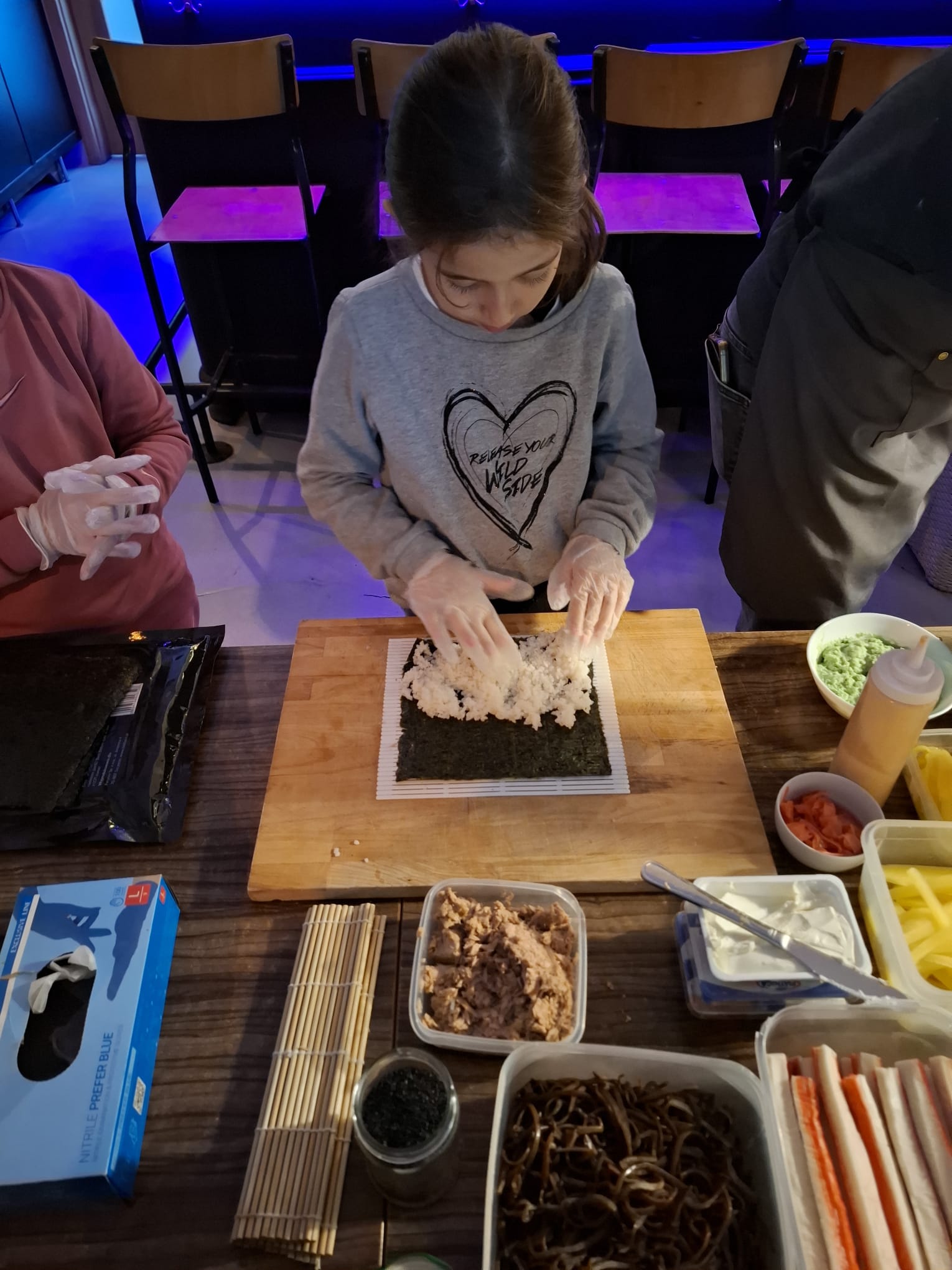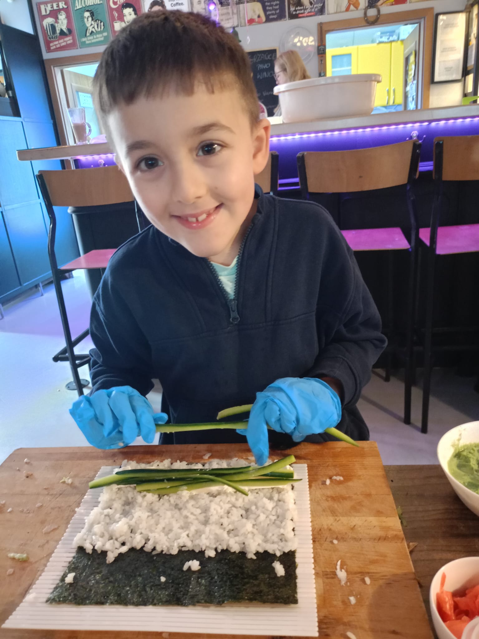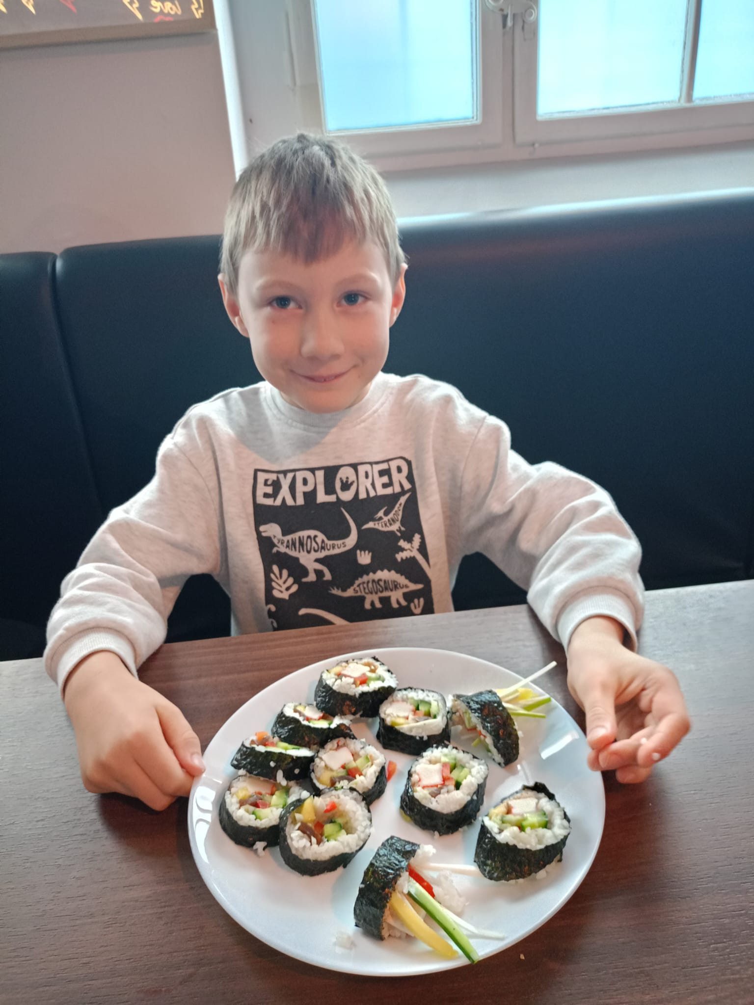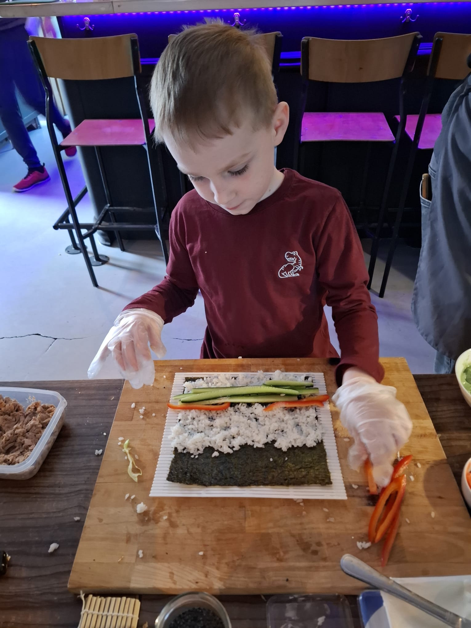 Klasa 1a wybrała się dzisiaj na warsztaty kulinarne do "CieKawa KluboKawiarnia". Uczniowie zapoznali się ze składnikami, z których przyrządza się sushi, a następnie każdy przygotował swoją rolkę. Dzieci z wielkim zaciekawieniem i zaangażowaniem uczestniczyły w zajęciach. Nie tylko warsztaty okazały się jednak wielką atrakcją, ale również wspólny przejazd komunikacją miejską ?
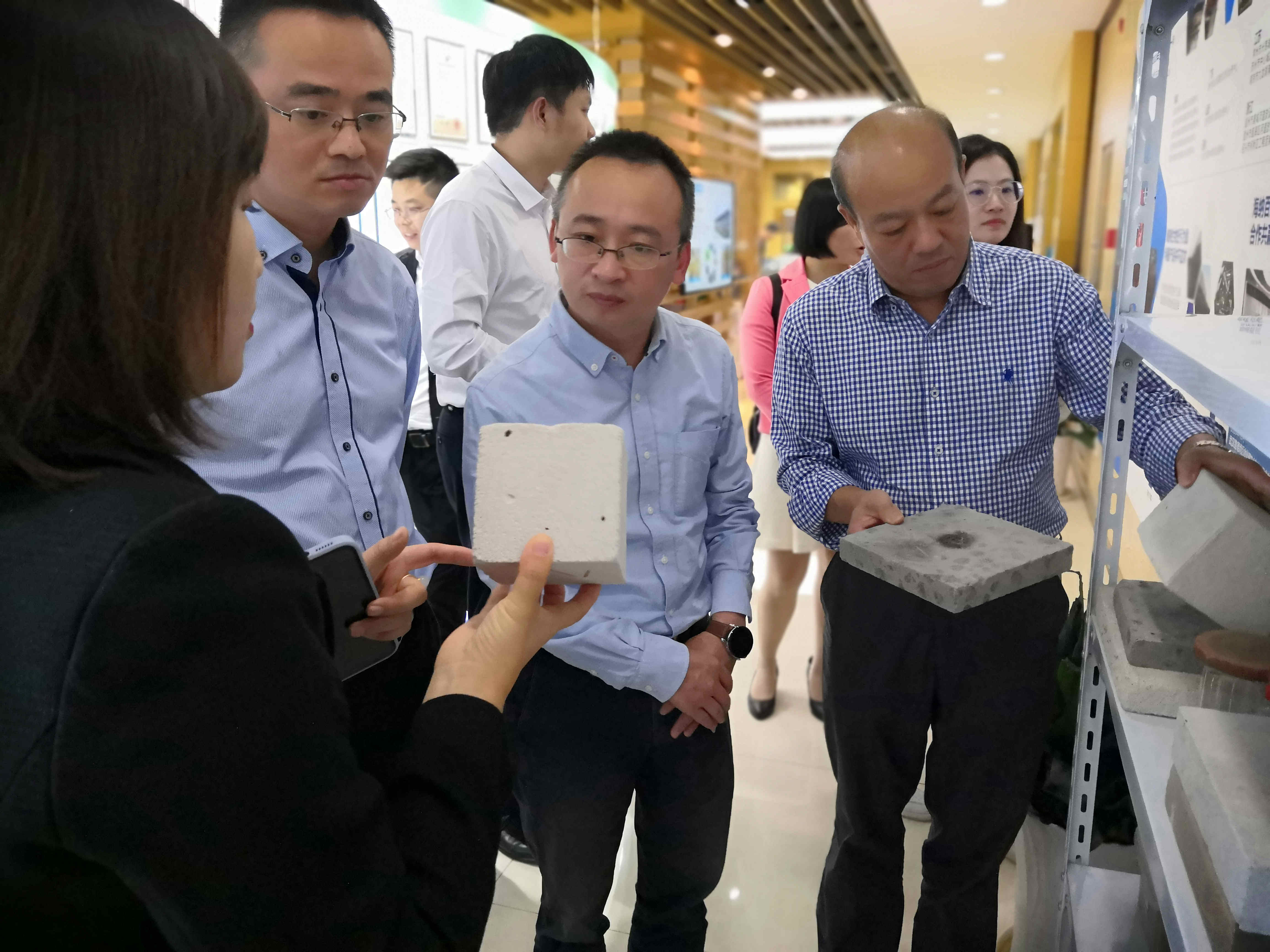 在脫水泥餅資源化利用展臺(tái)前,陳新華一行對(duì)公司研發(fā)的新型墻材磚很感興趣。劉菁女士介紹道,這是公司通過(guò)自主研發(fā)的淤泥脫水固結(jié)一體化技術(shù)制作的蒸壓加氣混凝土砌塊,這種新型墻材磚很輕,加氣塊的泥餅摻量達(dá)到30%以上,替代了傳統(tǒng)材料中粉煤灰、沙石中的有效成分,該項(xiàng)技術(shù)屬國(guó)內(nèi)首創(chuàng)。
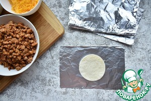 В центр мини тортильи помещаю по 1 ч. л. отварного риса, тушеного фарша, сальсы, тертого сыра.
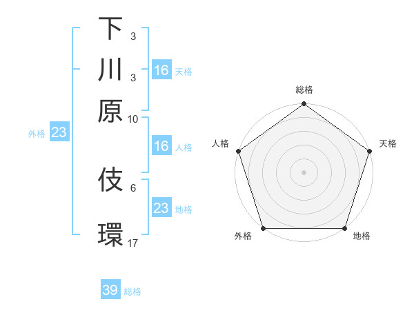 下川原 伎環さんの総格は39画の5点!
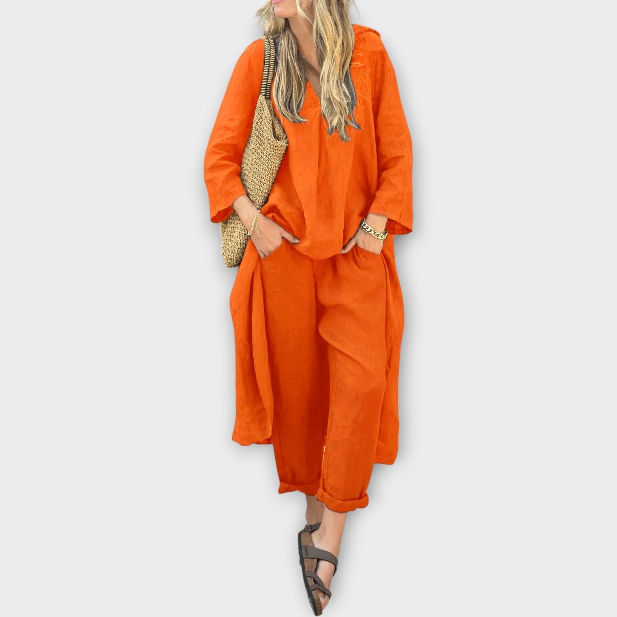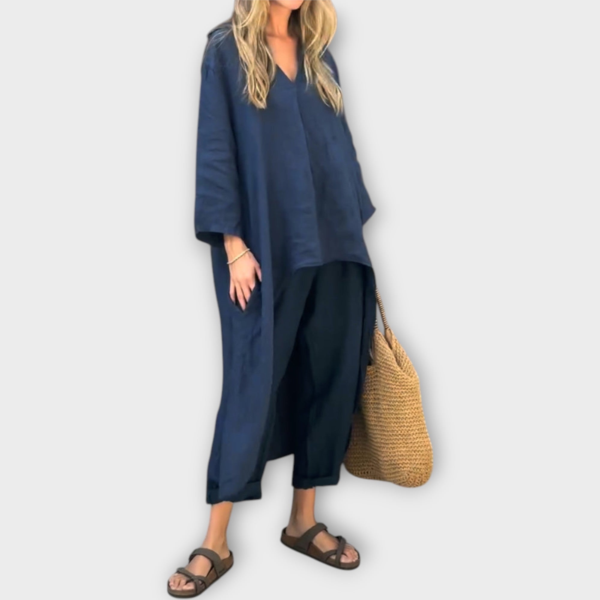 Objevte náš stylový set s volným střihem a nadčasovým designem, který se bez problémů přizpůsobí vašemu dni. Tento kousek kombinuje jemnou eleganci s pohodlím, a proto ho oceníte při každé příležitosti.

════════════════════

## Task to carry out
Where a picture appears, skip it; repeat everything else in the data exactly.

## Response for this exercise
 Klasa 1a wybrała się dzisiaj na warsztaty kulinarne do "CieKawa KluboKawiarnia". Uczniowie zapoznali się ze składnikami, z których przyrządza się sushi, a następnie każdy przygotował swoją rolkę. Dzieci z wielkim zaciekawieniem i zaangażowaniem uczestniczyły w zajęciach. Nie tylko warsztaty okazały się jednak wielką atrakcją, ale również wspólny przejazd komunikacją miejską ?
 在脫水泥餅資源化利用展臺(tái)前,陳新華一行對(duì)公司研發(fā)的新型墻材磚很感興趣。劉菁女士介紹道,這是公司通過(guò)自主研發(fā)的淤泥脫水固結(jié)一體化技術(shù)制作的蒸壓加氣混凝土砌塊,這種新型墻材磚很輕,加氣塊的泥餅摻量達(dá)到30%以上,替代了傳統(tǒng)材料中粉煤灰、沙石中的有效成分,該項(xiàng)技術(shù)屬國(guó)內(nèi)首創(chuàng)。
 В центр мини тортильи помещаю по 1 ч. л. отварного риса, тушеного фарша, сальсы, тертого сыра.
 下川原 伎環さんの総格は39画の5点!
 Objevte náš stylový set s volným střihem a nadčasovým designem, který se bez problémů přizpůsobí vašemu dni. Tento kousek kombinuje jemnou eleganci s pohodlím, a proto ho oceníte při každé příležitosti.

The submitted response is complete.